C'est suite au meurtre du jeune Joe Van Holsbeeck à la Gare Centrale de Bruxelles en avril 2006 et à la polémique suscitée par sa sortie "foot" que Françoise Bertieaux réclame alors que le Parlement de la Communauté française revoie en profondeur le système des IPPJ (Institutions Publiques de Protection de la Jeunesse). Mais malgré de nombreuses auditions des directeurs et éducateurs des IPPJ, tout comme des magistrats de la Jeunesse, le Gouvernement PS-cdH ne prit aucune mesure concrète en la matière.

"Je reste convaincue qu'un audit externe est nécessaire pour améliorer le fonctionnement de nos IPPJ. Et c'est suite à ces nombreux débats parlementaires que j'ai souhaité aller voir comment nos voisins français géraient le secteur de l'aide à la jeunesse et, plus précisément, l'expérience menée par le Père Guy Gilbert dans sa Bergerie du Faucon, dans le Verdon", explique Françoise BERTIEAUX.

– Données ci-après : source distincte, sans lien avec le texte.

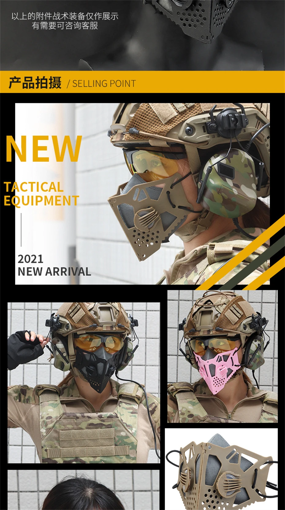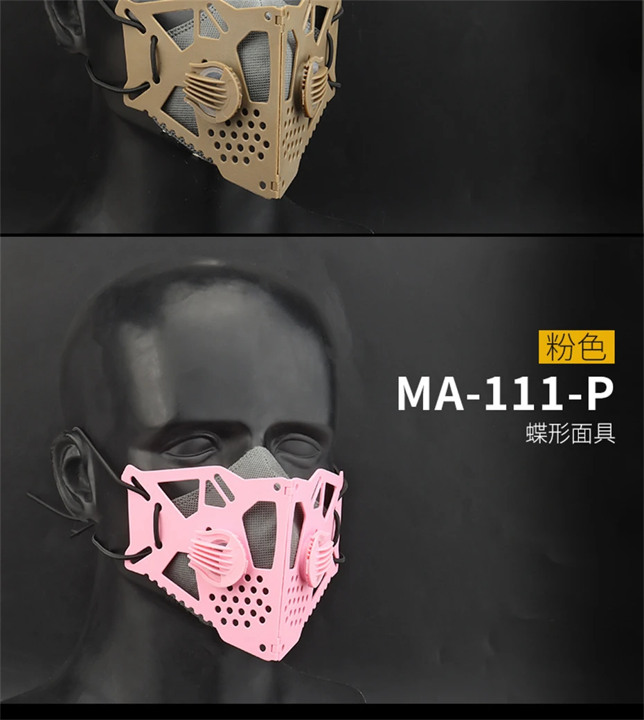 Máscara tática techwear para homens e mulheres, halloween, cosplay, proteção facial, ciclismo, hip hop, punk, meia máscara facial, preto, rosa, cáqui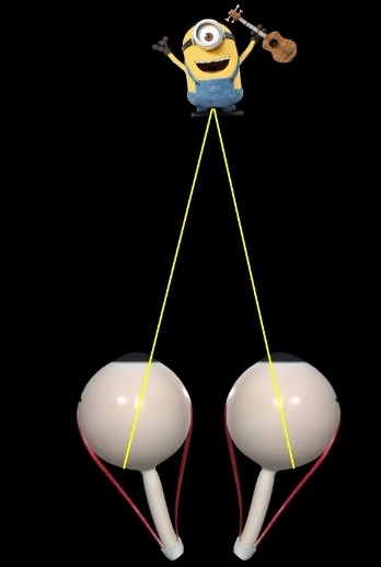 Os olhos realizam convergência para garantir que a imagem do objeto se forme sobre ambas as fóves (Pontos Retínicos Correspondetes), formando uma única imagem cortical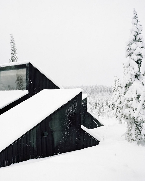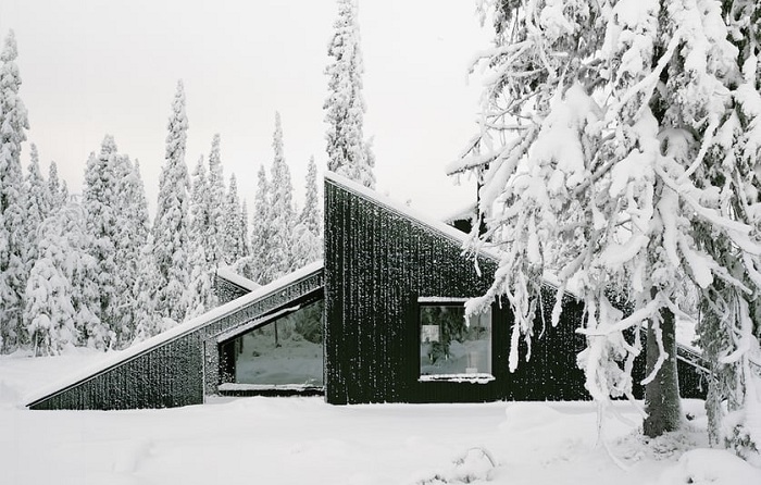 В норвежской коммуне Лиллехаммер в лесу расположен жилой дом в виде нескольких остроконечных объемов. Создавая этот проект, архитекторы вдохновлялись очертаниями жилищ в заснеженную зиму, когда после обильного снегопада видны только крыши домов. Получилось очень нестандартно и эффектно.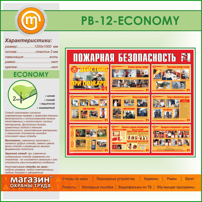 Стенд «Пожарная безопасность. Действия при пожаре» (PB-12-ECONOMY) в Москве купить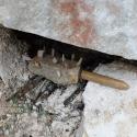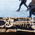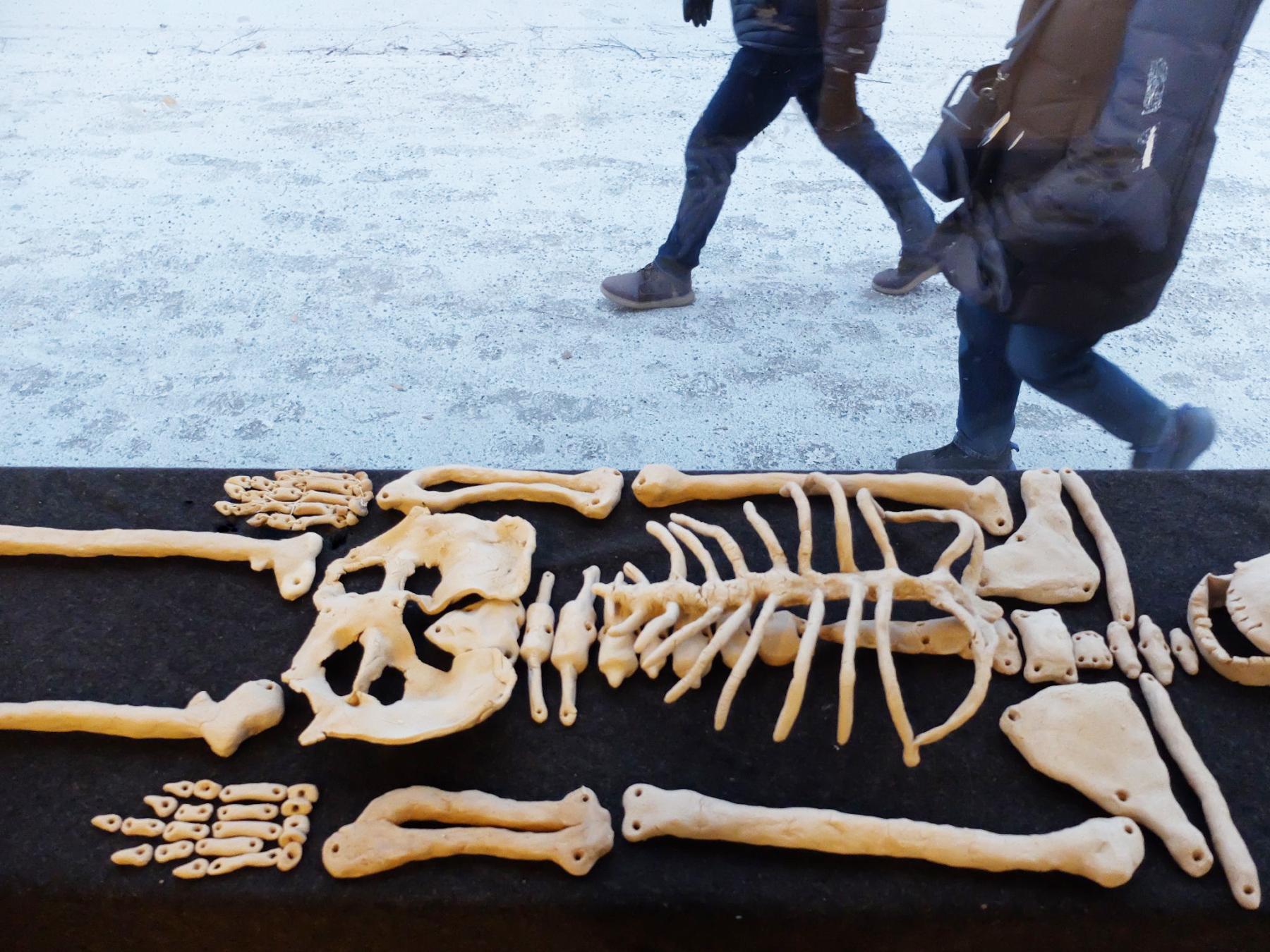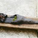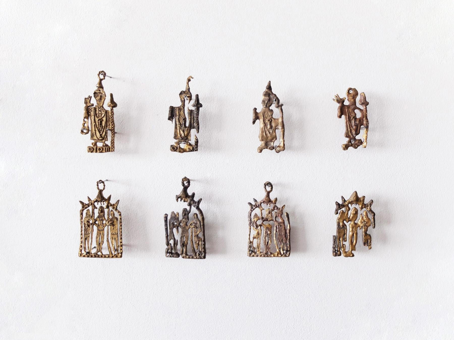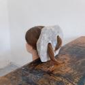 Caitlin Hazell’s practice intertwines the imagined and exaggerated aspects of everyday life with myth, history, and ritual, using absurdity as a tool to draw parallels between real and speculative stories. They are drawn to making objects that feel like props, artefacts from mockumentary, ethnographic studies, or historical reenactments, with a sense of humour. Working across a range of mundane and ancient materials, in a hunter-gatherer approach; dried sea kelp from the Scottish shores, sculptures made using bread flour sourced from the spoil of setting the stones working in London’s only operating heritage windmill, bronze from self-taught casting methods, and stone. These materials reference the changing status of artefacts and relics, mocking the systems that preserve and display them, archaeological digs and the aesthetics/psychology of the souvenir, reflecting material tradition and how we value objects across time.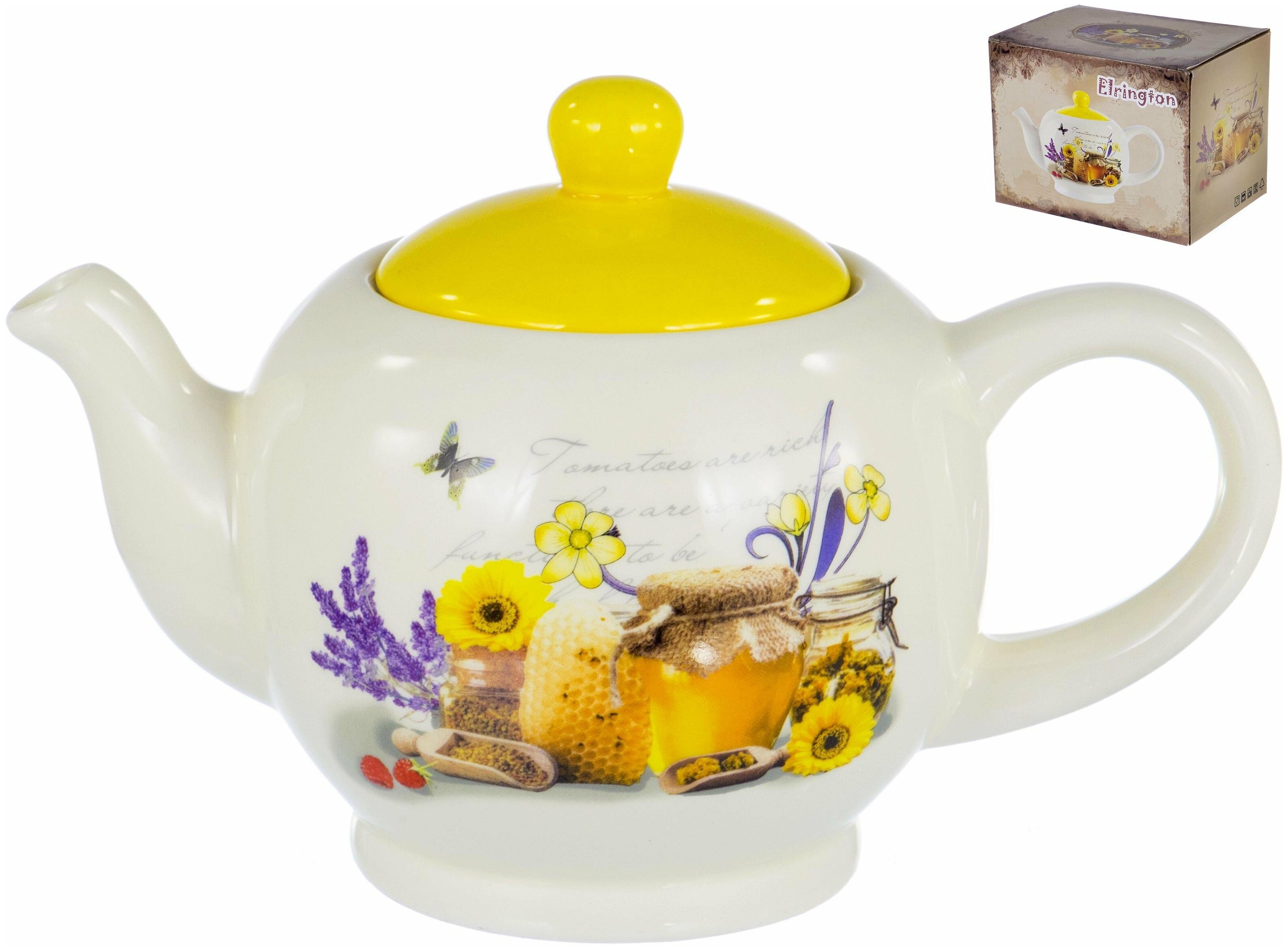 Чайник 950мл, серия миель, изготовлен из высококачественного доломита с глазурованным покрытием и оформлен красочным изображением.
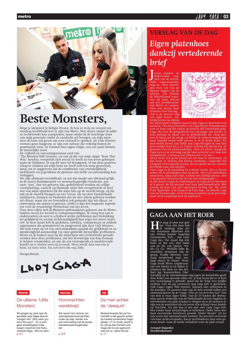 Op de top van haar carrière brengt Lady Gaga niet alleen het iconische ‘Born This Way’ uit, ze gaat ook aan het roer van Metro zitten. Voor één dag stuurt ze als hoofdredacteur de redactie aan vanuit Londen. De ‘Pokerface-editie’ legt de focus op homorechten, Gaga’s Little Monsters en de man achter de vleesjurk. «Wees jezelf, hou van wie je bent, wees trots», moedigt ze onze lezers aan. Gaga was overigens niet onze enige gasthoofdredacteur: ook Virgin-ondernemer Richard Branson en mode-icoon Karl Lagerfeld nemen die rol op in 2012.

Si la Bergerie ne peut être comparée aux centres fermés de la Communauté française, car elle n'accueille pas de meurtriers présumés, Françoise BERTIEAUX a été séduite par cette visite: "Si on ne peut appliquer tel quel le modèle du Père Guy Gilbert, il y a de bonnes idées dont la Communauté française pourrait s'inspirer, comme la sanction immédiate, appropriée et réparatrice ou le système des récompenses en fonction du comportement et non pas comme "incentives" pour sortir plus vite de l'IPPJ comme cela se pratique chez nous! J'ai également été impressionnée par le suivi de la scolarité des pensionnaires, l'esprit de respect et l'importance de la notion de vérité qu'on trouve dans l'encadrement du Père Gilbert et de ses éducateurs"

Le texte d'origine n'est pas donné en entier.